Pray through Psalm 139:23-24 to see where the logs are in your eye before you address their specks. 

Keep expectations short and sweet – and may I recommend _Shepherding A Child’s Heart_?


----------



## turmeric (Mar 31, 2007)

Hi, Michael! 
What a wonderful thing you are doing! I do think they should definitely be learning obedience, however it will probably take them longer, and part of it is trust. Until they know in their hearts you won't leave them, they'll think it's just them against the world. You should get some professional Christian advice though, if you haven't already.

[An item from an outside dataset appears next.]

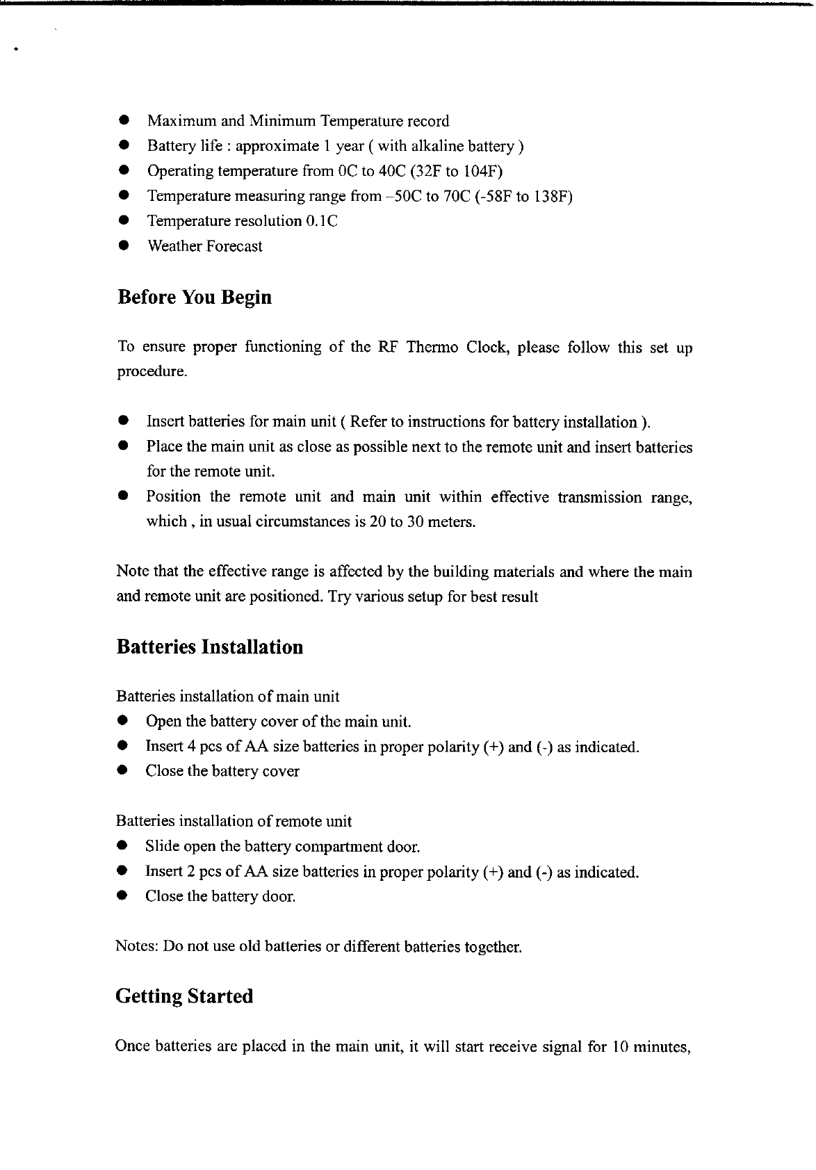 Electronics Tomorrow Ltd. Battery Operated RF Clock Receiver Users Manual

I think you need to create a signature. It's a requirement unless you've been given a variance about that. If you look at mine, there's a place to get info about that.


----------



## jenney (Mar 31, 2007)

I think our kids, even the ones who've been with us from birth, sometimes act up to see if we will set boundaries and enforce them. I honestly believe they see it as caring for them. In that sense, I _don't_ think it is too much at this point to say, "I love you and I know that you love me. I also know that God has blessed us by making us a family and we want to honor Him in the way we treat each other. When you disobey/call me names/ignore me/whatever it dishonors God and me. I can't allow you to do that anymore. From now on, whenever you ___, I will ______..." along those lines.

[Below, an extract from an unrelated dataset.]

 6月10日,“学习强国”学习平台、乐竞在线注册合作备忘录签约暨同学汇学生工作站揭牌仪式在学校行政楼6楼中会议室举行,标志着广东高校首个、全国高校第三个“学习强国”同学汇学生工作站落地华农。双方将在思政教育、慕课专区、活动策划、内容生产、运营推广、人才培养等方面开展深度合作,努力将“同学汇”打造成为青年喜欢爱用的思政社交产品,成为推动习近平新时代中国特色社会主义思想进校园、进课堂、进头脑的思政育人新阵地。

We have a chart of consequences, including spanking for certain things, which includes Scripture verses and little pictures to remind us of what the rules are of the house. You can get a similar one at Doorposts. That way the children know what to expect and that we discipline them because God has commanded us to. Even our little toddler can point to the picture when I tell her how she has broken God's Law.

I second the recommendation of Ted Tripp's book.

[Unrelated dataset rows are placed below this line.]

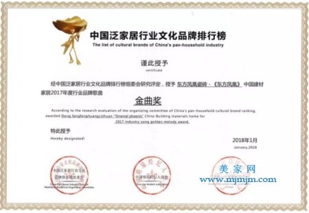 (《東方鳳凰》獲中國建材家居2017年度行業(yè)品牌歌曲金曲獎)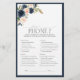 Modern, elegant bridal shower game "What's on Your Phone" featuring a bouquet of navy blue and blush pink flowers, bordered in navy blue. Personalize your questions in soft off-black, accented with beautiful modern hand lettered calligraphy. Part of a co-ordinated suite. View suite here: https://www.zazzle.com/collections/navy_blue_blush_floral_watercolor_bridal_shower-119055669272624939 Contact designer for matching products. Copyright Anastasia Surridge for Elegant Invites, all rights reserved.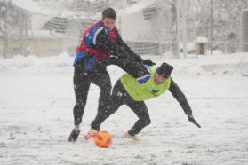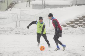 Dicke Schneeflocken hingen am heutigen Vormittag in der Luft, eine feine Schneeschicht zierte den Milser Kunstrasen. Dennoch konnte unsere Mannschaft dank enormer Bemühungen des Milser Platzwartes endlich mit dem Ball trainieren. Das weiße Leder blieb in der Kammer unserer Zeugwartes, um trotz des Schneefalles Herr der Kugel zu bleiben, feierten heute die orangen Ligabälle erstmals ihr Debüt. Nach einer längeren Aufwärm-Einheit war es danach an der Zeit, spielerisch zu glänzen. Trotz der schwierigen Bedingungen lief der Ball gut in den eigenen Reihen, beim Abschluss fackelten unsere Mannen nicht lange.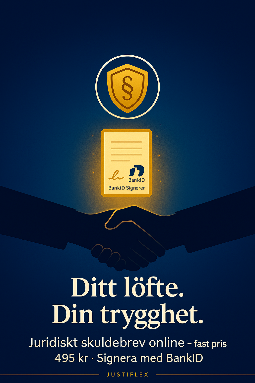Med Justiflex skriver du ett juridiskt korrekt skuldebrev online – snabbt, enkelt och 100 % lagligt.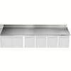 304 AISI paslanmaz çelikten yapılmış 40 mm yüksekliğindeki çalışma tezgahı, ses yalıtım malzemesinden yapılmış 18 mm'lik bir alt panele sahiptir. Ön ve arka uzunlamasına paslanmaz çelik C kanallı takviye. Su sızıntısını önlemek için çapaksız özel şekillendirilmiş ön profil. Tamamen kaynaklı ve düzgün cilalı köşeler. 45° üst açılı ve tamamen kaynaklı kenarlara sahip 100 mm kutulu ağır hizmet tipi sıçrama koruması. Çalışma tezgahları, 900 mm'lik bir çalışma yüksekliği elde etmek için braketlere, ayaklara veya tabanlara monte edilebilir.

Another excellent one is The Heart of Anger by Lou Priolo. It deals with helping your child to recognize when there is sin in his anger and what its root cause is. It's compassionate and gracious and uses Scripture to explain what the Bible says about anger, the children's as well as ours. Your boys might be a little young for it, but because of their background, sinful anger may be something they are tempted with deeply for their whole lives. I don't say that to be discouraging, but to recognize that the Lord in His providence has allowed each of us to develop areas where we struggle more than others.

You are doing a great thing in loving those boys. Truly you are all blessed!


----------